Hace unos días volvió a aparecer en televisión Víctor Díaz, el famoso “Zafrada”. A cinco años del terremoto del 27-F los creativos editores tuvieron la original idea de ir a ver cómo ha cambiado su vida desde que, desafortunadamente, se hizo famoso. Después de haber sido ungido por los medios como “rostro humano” de la tragedia y utilizado sin asco además por la administración de entonces, tal como los 33 mineros cuando pasó la contingencia, Víctor volvió a su vida sencilla y humilde en Iloca sin nada más que un apodo memorable para capitalizar escasamente su celebridad para arrendar caballos a los turistas. Eso y un caballo propio que le regaló Felipe Camiroaga, acaso el único gesto sincero de genuino afecto entre toda la atención interesada que recibió por entonces.

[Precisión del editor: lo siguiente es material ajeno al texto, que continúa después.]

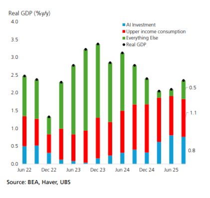 据追风交易台,瑞银在最新的研报中指出,在表面依然稳健的增长数据之下,美国经济的扩张基础正在迅速变窄:投资、消费与就业的边际改善,几乎全部系于人工智能这一单一主题。 一旦 AI 投资放缓或资产价格回调,当前扩张将失去核心支点。

Entiendo que Víctor ha dicho que espera que cuando sea más grande lo inviten a un reality, lo que en realidad significa que espera obtener algo más que la curiosidad de quienes visitan su pueblo. Poco o nada tiene que ver su ilusión con los balances, objetivos o manoseados según el interés del sector que se trate, de la reconstrucción. Tal como “el Zafrada”, la enorme mayoría de los chilenos afectados por el desastre parece ser considerada poco más que el telón de fondo para la propaganda. Más allá de la efeméride que se presta, nuevamente, para que la proliferación de generales post batalla, es un hecho que la oportunidad que nos brindó la naturaleza no fue aprovechada de manera consciente y responsable. Hasta donde yo sé, según lo que entiendo y a riesgo de equivocarme, no hubo un plan sustentable, inteligente, para una reconstrucción que se hiciera cargo de la enseñanza para mejorar la calidad de vida de alguien sobre el estándar que tenía el día anterior al terremoto y maremoto.

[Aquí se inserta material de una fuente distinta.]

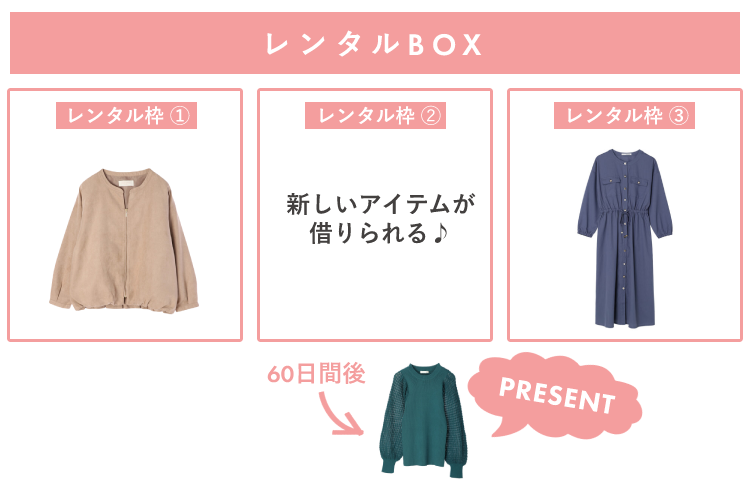 特典 汚れても安心の保証付き 60日間借り続けた洋服が無料でもらえる

Durante los interminables cuatro años de autobombo del “gobierno de excelencia” se hicieron anuncios que poco y nada tenían que ver con la verdad. Soluciones habitacionales que sólo eran un título de propiedad impreso, cifras y estadísticas sin ningún respaldo (esto me recuerda el Censo) que fueron continuamente rebatidas por organizaciones que estaban en terreno, cortes de cinta e inauguraciones para la galería… todo mientas se intentaba sacar provecho político llevando ante la justicia a las autoridades a cargo esa fatídica madrugada.

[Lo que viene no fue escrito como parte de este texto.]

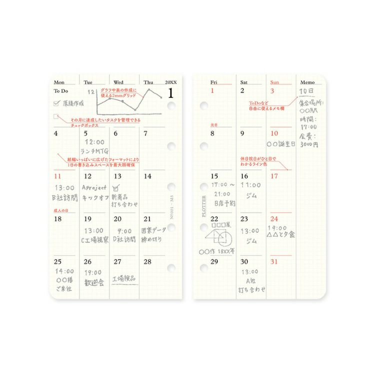 限られたスペースを最大限使えるように緻密に設計された見開きマンスリー薄くてもインクが滲みにくい丈夫な紙と思考の邪魔をしない印刷色が書く人の創造力を働かせ未来を切り拓きます

Hoy, 27-F de 2015, el ex Presidente Sebastián Piñera ha presentado un libro titulado “El desafío de la reconstrucción, lecciones aprendidas”, en el que sostiene que al entregar el mando el 97% de la reconstrucción estaba completa. La Presidenta Michelle Bachelet, a su vez, dijo: “Sin intención de polemizar con las cifras, lo que corresponde es asumir responsablemente la complejidad de la realidad que aun enfrentamos”, y agregó que a enero de 2015 los proyectos que falta iniciar son el 1,2%, entre viviendas a reponer y reparar. Así, se espera que en 2016 estén ya terminadas todas las obras o en etapa final de ejecución”. Ojalá que esto sea verdad, aunque ninguno se refiera al estándar de esta reconstrucción o de la modernización de la red de emergencia. Lamentablemente la única forma de saberlo es que la naturaleza vuelva a ponernos a prueba. Entonces, nuevamente, políticos de todos colores escarbarán entre los escombros buscando algún Zafrada, de una manera no muy distinta a como intentan hipnotizarnos con zanahorias-bono y promesas-jingle cuando hay que pastorear ganado hasta las urnas de votación.

 Así las cosas, es obvio que más allá del 27-F y el recuerdo de las víctimas, la lección sobre la dignidad, el respeto y la misión superior que ha de cumplir un servidor público aún está pendiente.